*To do:* Please reproduce all of the listing below exactly and drop its images.

*** Data extract Section Begins ***

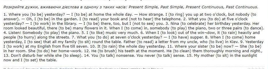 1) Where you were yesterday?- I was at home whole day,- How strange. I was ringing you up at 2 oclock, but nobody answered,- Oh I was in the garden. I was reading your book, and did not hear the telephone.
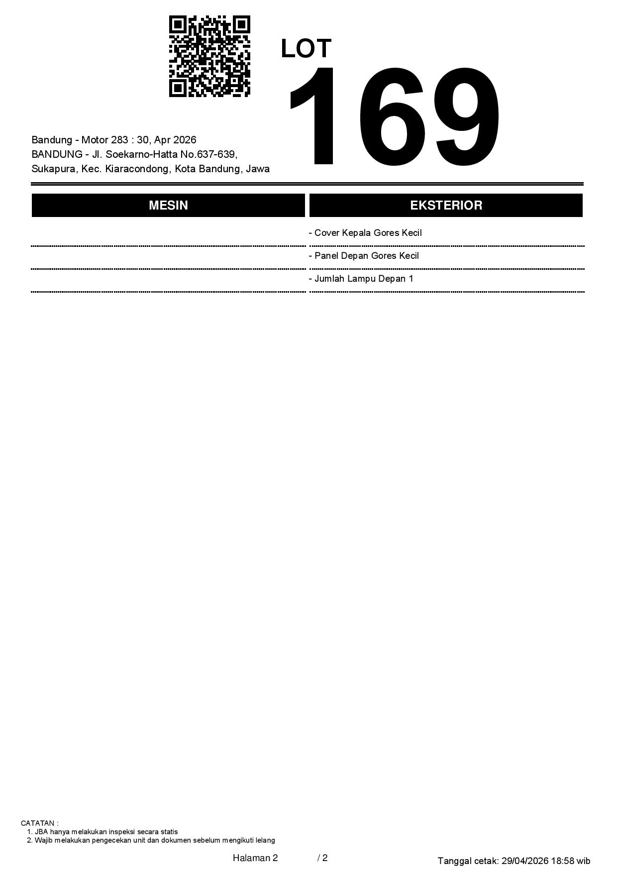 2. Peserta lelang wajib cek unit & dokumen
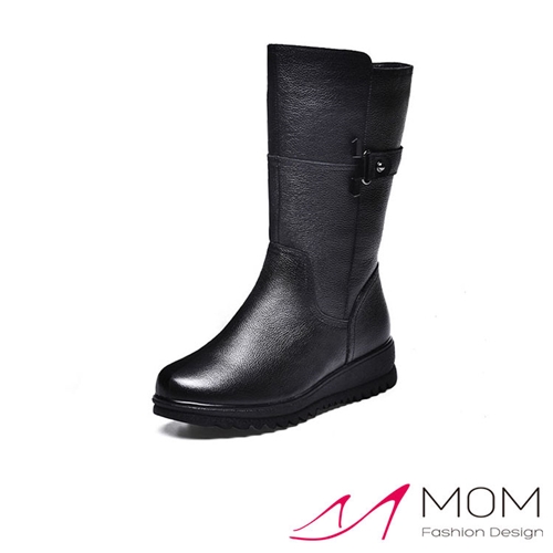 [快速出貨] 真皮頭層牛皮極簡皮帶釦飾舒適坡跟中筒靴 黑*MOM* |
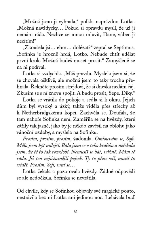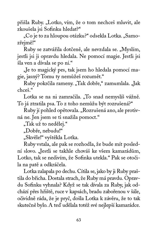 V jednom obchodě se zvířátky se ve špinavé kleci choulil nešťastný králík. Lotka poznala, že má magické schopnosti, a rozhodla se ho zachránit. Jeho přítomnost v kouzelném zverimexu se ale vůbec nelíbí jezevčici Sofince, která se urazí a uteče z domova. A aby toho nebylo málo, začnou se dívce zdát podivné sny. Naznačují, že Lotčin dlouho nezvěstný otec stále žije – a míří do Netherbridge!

*** Data extract Section Ends ***

*Finished task:*
 1) Where you were yesterday?- I was at home whole day,- How strange. I was ringing you up at 2 oclock, but nobody answered,- Oh I was in the garden. I was reading your book, and did not hear the telephone.
 2. Peserta lelang wajib cek unit & dokumen
 [快速出貨] 真皮頭層牛皮極簡皮帶釦飾舒適坡跟中筒靴 黑*MOM* |
 V jednom obchodě se zvířátky se ve špinavé kleci choulil nešťastný králík. Lotka poznala, že má magické schopnosti, a rozhodla se ho zachránit. Jeho přítomnost v kouzelném zverimexu se ale vůbec nelíbí jezevčici Sofince, která se urazí a uteče z domova. A aby toho nebylo málo, začnou se dívce zdát podivné sny. Naznačují, že Lotčin dlouho nezvěstný otec stále žije – a míří do Netherbridge!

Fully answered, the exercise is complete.